# ATI-Tool 0.0.21 bugs



## pablofrogo (Aug 22, 2004)

I see a lot of posts about bugs.. I thought I'd make a post where you can post bugs you find in the latest ATI-Tool. Making the bugs known is the only way to eliminate them, so please tell W1zzard (nicely, and through this thread) what the problem is and I'm sure he'll do his best to fix it in the next build.


----------



## Frozen (Aug 22, 2004)

Yes. NO flaming towards Wizzard becuase you have lots of bugs. Hes working hard enough already.


----------



## Slayerstaps (Aug 22, 2004)

Yep...and that comes with the fact that you don even have to pay for atitool so show some respect and post all your bugs here nicley


----------



## Moe. (Aug 22, 2004)

So far 0.0.21 has worked great for me.  I have an ATI 9800XT with the 4.8 Catalyst drivers.  The one thing that doesn't seem to work reliably is the link to Motherboard Monitor.  It works for awhile then it stops working and displays 32 degrees F constantly.  If I restart MBM it'll work again for awhile.

Moe.


----------



## Tony420 (Aug 22, 2004)

BF: Vietnam still fails to detect and switch to 3d mode.


----------



## RoyC (Aug 23, 2004)

I tried the latest ATITool again yesterday and still had the same problem with the static. It poped up during the middle of the Doom 3 intro when I was showing my friend. Here are my specs:

AMD 64 3000+ Newcastle
MSI K8N Neo Platinum
MSI RX9800 Pro 128 mb
2 x 256 mb pc2700 OEM
Creative Audigy 2 ZS
Raidmax 400w
+3.3v = 28.0a
+5v = 30.0a
+12v = 15.0a


----------



## krys (Aug 23, 2004)

Moe. said:
			
		

> So far 0.0.21 has worked great for me.  I have an ATI 9800XT with the 4.8 Catalyst drivers.  The one thing that doesn't seem to work reliably is the link to Motherboard Monitor.  It works for awhile then it stops working and displays 32 degrees F constantly.  If I restart MBM it'll work again for awhile.
> 
> Moe.



Ive got the same problem, but since setting the sensors in MBM to Custom rather than leaving them at None, it hasnt dropped out yet. So u might wanna give that a try.

Krys.


----------



## PsYcHo (Aug 23, 2004)

Hi,

i have a prob with the Cat. v4,8 and the Atitool. My Monitor don´t wake up
when PC start from "state of rest" (dont know the word) or "standbymodus"
PC wake up but monitor not. After i uninstall atitool 0.0.21 everthing works fine. 
With Cat. v4,7 i have not this problem. Have try anything - nothing helps...
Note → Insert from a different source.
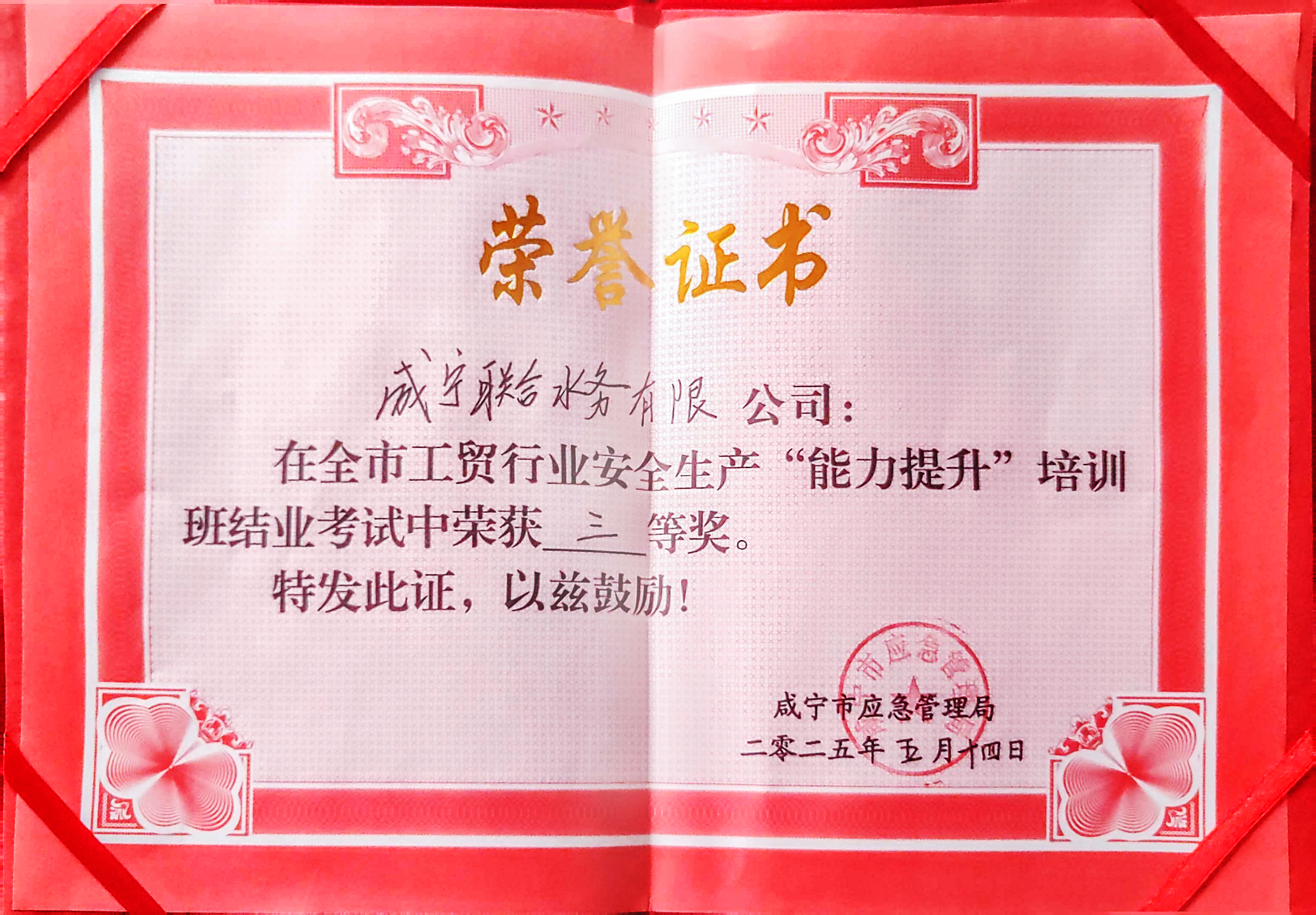 喜報|咸寧聯合水務員工榮獲咸寧市工貿行業安全生產“能力提升”培訓班結業考試三等獎 | ||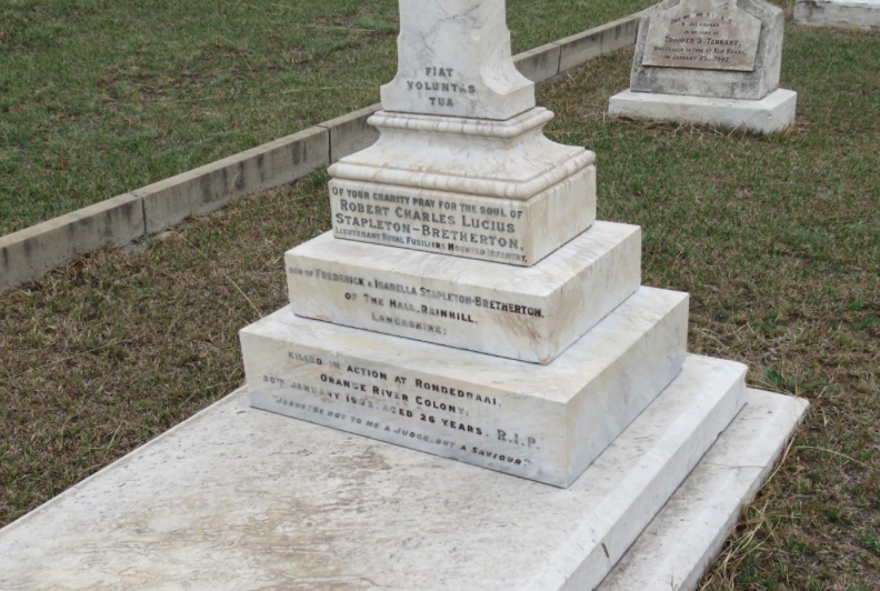 There is a rather touching tombstone requesting the passerby to charitably pray for the soul of Lieutenant Robert Charles Lucius Stapleton-Bretherton who was killed in action at Rondedraai. The epitaph is headed by the Latin proverb “Fiat Voluntas Tua” (Thy Will be Done) and ends with the following exhortation: “Jesus! Be not to me a Judge. But a Saviour”. This stone may have been erected some period after the Boer War ended when emotions had cooled.

P.S.: Sorry for my bad english...


Pentium 4 @ 2.66 GHz
MSI 6701 (Medion Board)
MSI RX9800 Pro 128 mb


----------



## Charlib (Aug 23, 2004)

It seems that Atitool blocks the ATI TV player from finding channels, even if Atitool is not running. The system recovers after uninstalling Atitool.

P3 @1600
MSI mobo
ATI AIW 9800 SE


----------



## Sebsche (Aug 24, 2004)

3DMark2001SE and PCMARK2002 doesn't work after installing ATITool 0.21. It doesn't start. 3DMark03 works.

Athlon XP 3200+
MSI K7N2 Delta ILSR
1x 512 MB PC2100 DDR-RAM Infineon (2x A-Data Vitesta PC4000 tomorrow)
HIS Excalibur ATI Radeon 9600 128 MB @ 420,43/219,86
IIYAMA Vision Master Pro17
Creative Soundblaster 5.1 Player
Hauppauge WinTV PCI-FM

ATI Catalyst 4.8 Softmod
ATITool 0.21
DirectX 9.0b
Win XP SP1


----------



## the Brother (Aug 24, 2004)

Sebsche said:
			
		

> 3DMark2001SE and PCMARK2002 doesn't work after installing ATITool 0.21. It doesn't start. 3DMark03 works.
> 
> Athlon XP 3200+
> MSI K7N2 Delta ILSR
> ...



I found that it doesn't work with 3DMark03. Although 3DMark03 will run, it resets the timing in Softmod back to default so the score in 3Dmark03 is reflective of the default timings and not OC'd timings.    I'm running a 9800 Pro 256 mod'd to 9800 XT with 4.8's


----------



## Rob94hawk (Aug 24, 2004)

Durning bootup monitor shuts down. I get the windows xp home screen then the monitor goes black. I'm using the ATI Catalyst 4.8 with the X800XTPE. I've tried it twice already and the same thing happens. I have to go into VGA mode to uninstall. 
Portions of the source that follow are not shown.